● WORK REQUIRED
Would you write out the full listing exactly, without any pictures?

● SOURCE MATERIAL

============

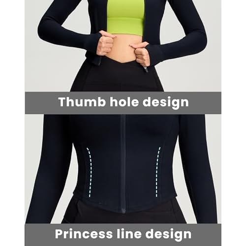 Women BBL Jacket Full Zip UP Workout Athletic Cropped Jacket wIth Thumb Holes Running Yoga Sportswear
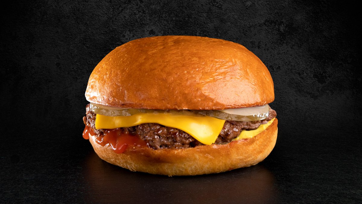 Αφράτο ψωμάκι brioche με μπιφτέκι από 100% μοσχαρίσιο κιμά, cheddar, ketchup, μουστάρδα και πίκλα αγγουριού
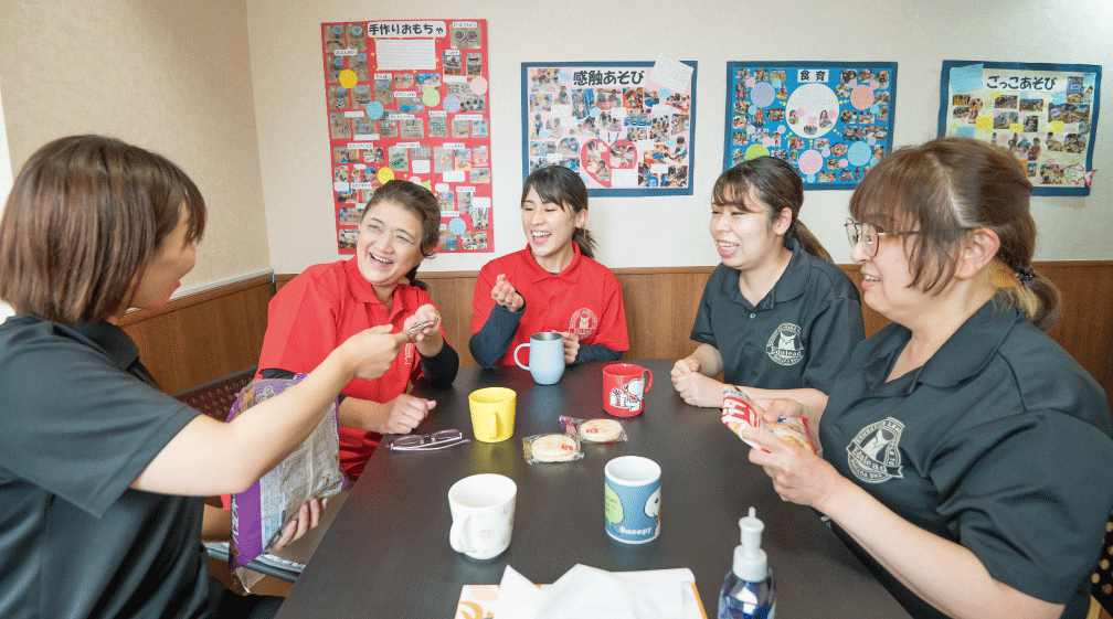 クラスの担任がメインで保護者とやりとりをしますが、日々の電話の受付や園からのお知らせを準備して担任に渡したり、朝と夕方の送り迎えでは保護者と顔を合わせて挨拶をしたり、子どもの大きくなる姿を一緒に見守ってもらう存在です!
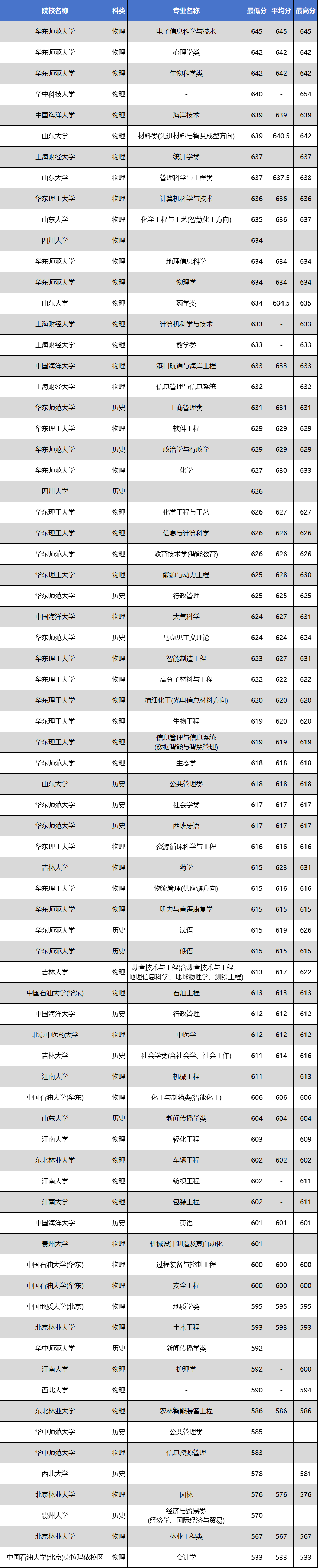 例如对物理类考生来说,华东师范大学电子信息科学与技术专业录取分数线为645分、地理信息科学634分,山东大学化学工程与工艺(智慧化工方向)专业录取分数线为635分。

============

● SOLUTION FOR THIS PROBLEM
 Women BBL Jacket Full Zip UP Workout Athletic Cropped Jacket wIth Thumb Holes Running Yoga Sportswear
 Αφράτο ψωμάκι brioche με μπιφτέκι από 100% μοσχαρίσιο κιμά, cheddar, ketchup, μουστάρδα και πίκλα αγγουριού
 クラスの担任がメインで保護者とやりとりをしますが、日々の電話の受付や園からのお知らせを準備して担任に渡したり、朝と夕方の送り迎えでは保護者と顔を合わせて挨拶をしたり、子どもの大きくなる姿を一緒に見守ってもらう存在です!
 例如对物理类考生来说,华东师范大学电子信息科学与技术专业录取分数线为645分、地理信息科学634分,山东大学化学工程与工艺(智慧化工方向)专业录取分数线为635分。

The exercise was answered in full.